All that I could not be, all men ignored in me,
This I was worth to God.
What, then, ought to be the aim that inspires the whole character of one who would live the best and noblest life on earth? Many things at once occur to us that would appeal to ambition and call for applause; some necessitating one great gift, some another; but the greatest and most perfect life does not necessarily require great gifts - it lies open to all: it has, not rarely, been lived by those who have been below the average so far as natural endowments are concerned. It is, indeed, a wonderful homage to the power of a great motive to stamp itself upon and develop character, that there are not a few whose names are known in history only on this account, who otherwise would have been lost in the crowd of the commonplace; but they were lifted up and made great by the motive that formed and governed their lives.
And what motive, then, lies open to all, can equally be followed by all, and makes all great who follow it? It seems a very simple one, yet it involves much; it is to fulfill as perfectly as possible the purpose for which one was created by God and placed here upon earth. 'As God hath distributed to every man, as the Lord hath called everyone, so let him walk.' (1 Corinthians 7:17) No one can do better with his life than that, no one can put it to a better use. Any life must be perfect in proportion as it does what it was made to do. There are many lives that are brilliant failures; they strive after many things which they were never intended to do, and fail in that one thing. In proportion as this purpose is considered and aimed after the life is a success. It seems strange that a reasonable being should never ask himself why he was put upon earth, or that it should not occur to him that the reason must be found in the will of his Creator.
I employ a man to do a certain piece of work for me at a certain price. He comes to me at the end of the day and says, 'I have been very busy all day; I have spent all my time in doing some work of my own that I was anxious to finish.' I answer, 'But you have not done the work that I employed you to do; you have been full of your own plans, not mine; therefore, I shall not pay you.' At the end of the day of our earthly life we have to answer to our Maker whether we have been employed about our own work or about His, whether we have even made an effort to find out what He would have us do.
A life which is inspired by such a motive is sure to be a success, for of this we may be absolutely certain, that each of us can fulfil in our life that for which we were created. We cannot be sure that we have the gifts needed for any other purpose; there is at least a risk about it, but in this there is no risk. For God, in creating us, equipped us for the work for which He created us. We have every gift of nature and of grace, of mind and body, which is needed for this work. These gifts can no doubt be used for other ends, and the more brilliant they are the more diverse the uses to which they can be put. Many, not caring to find out what they were given for, may altogether abuse them, or use them for purposes that can never develop them to their full capacity, and consequently the character of the person who possesses them will suffer, and the life will fall short of real success. Often the source of discontent, and restlessness, and lack of peace in a life, which from its power and influence and many gifts is the envy of others, is the half consciousness that the aim is not right, that the powers are not being used for the purpose for which they were given.
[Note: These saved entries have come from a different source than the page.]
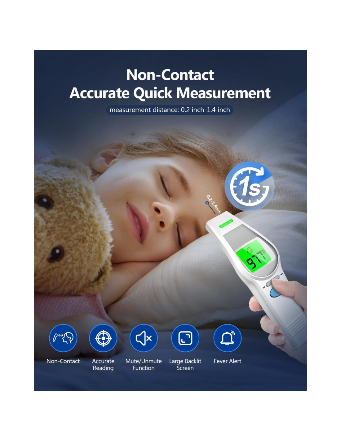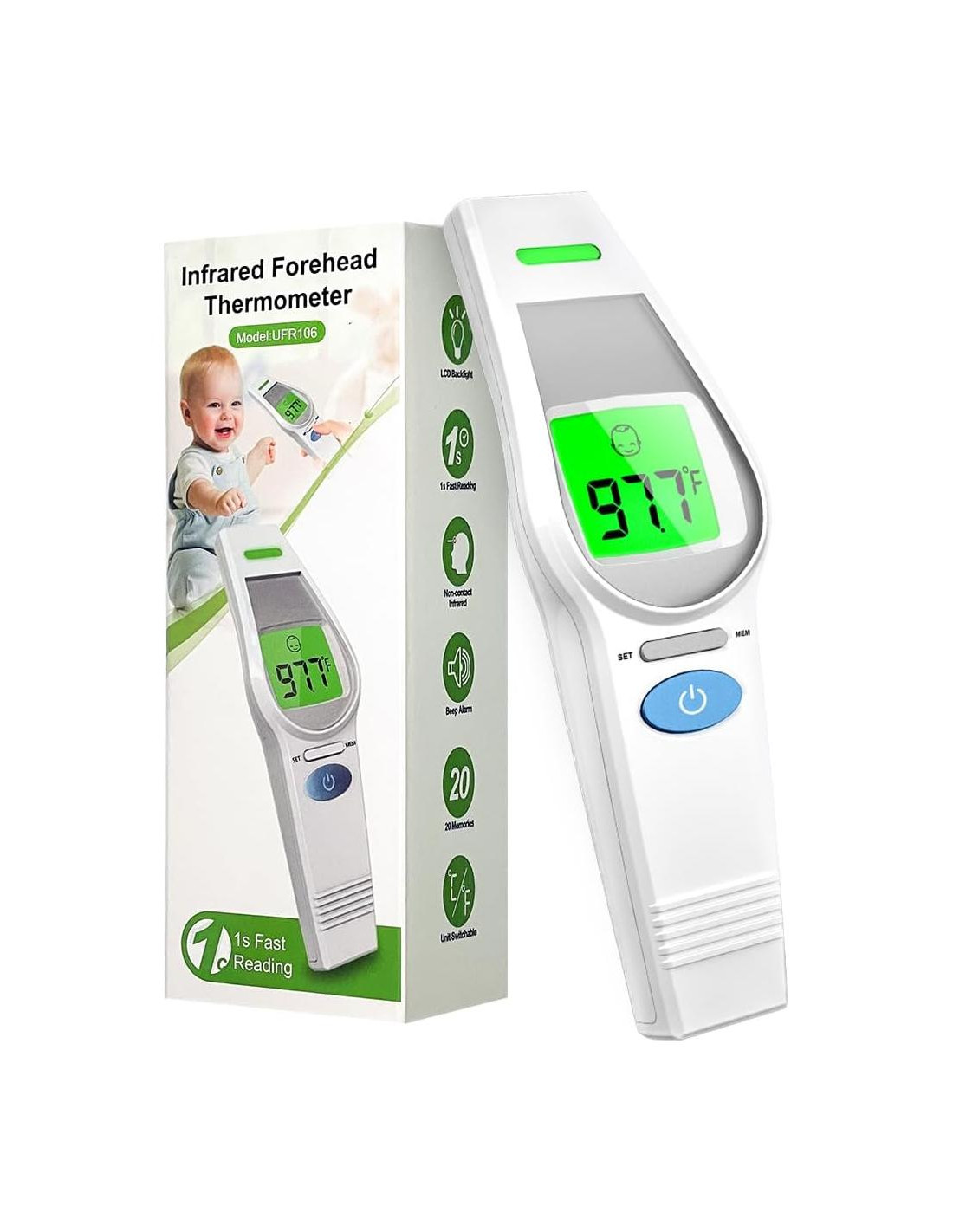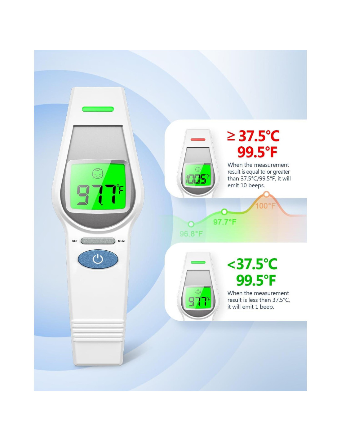 - Unidad de temperatura F y C Cambiando: el termómetro de frente prioriza la conveniencia del usuario al permitir un cambio sin esfuerzo entre las unidades de fahrenheit (F) y celsius (C)
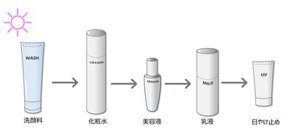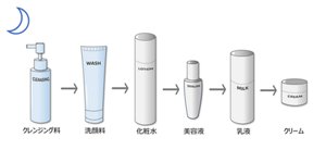 スキンケアアイテムを以下の順番で使って、肌をお手入れするのがおすすめです。
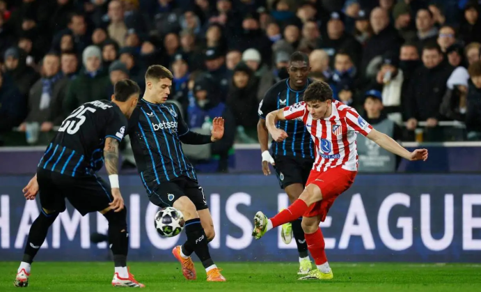 欧冠附加赛首回合布鲁日主场3-3战平马竞,领先两球

It will be an inspiring thought then to keep before us: I have all the powers necessary for a true success in life; no one is so fitted to do the special work I have to do, to fill the special place which I have to fill as I am myself. God wished a certain work to be done; He is almighty and all wise, He saw exactly the person best fitted to do it. He might have created one endowed with every conceivable gift, but He created me; He knew what He was about - it was no accident, I did not come here by chance, but as the result of an intelligent Will. We may try after something that is more to our taste or more showy, or that calls for less exertion and discipline, and so may fail: or we may live in total forgetfulness that we were put here on earth for any purpose at all, or we may waste our life and gifts in fretful discontent with the lot that we are powerless to escape from; but if we take as the key to life the Will of God, and strive to realise His purpose in our creation, and then to fulfill it, we must succeed; and that success will crown the character with a beauty, an attractiveness, a harmony, and an inward peace which will leave the soul without a doubt that the end is right.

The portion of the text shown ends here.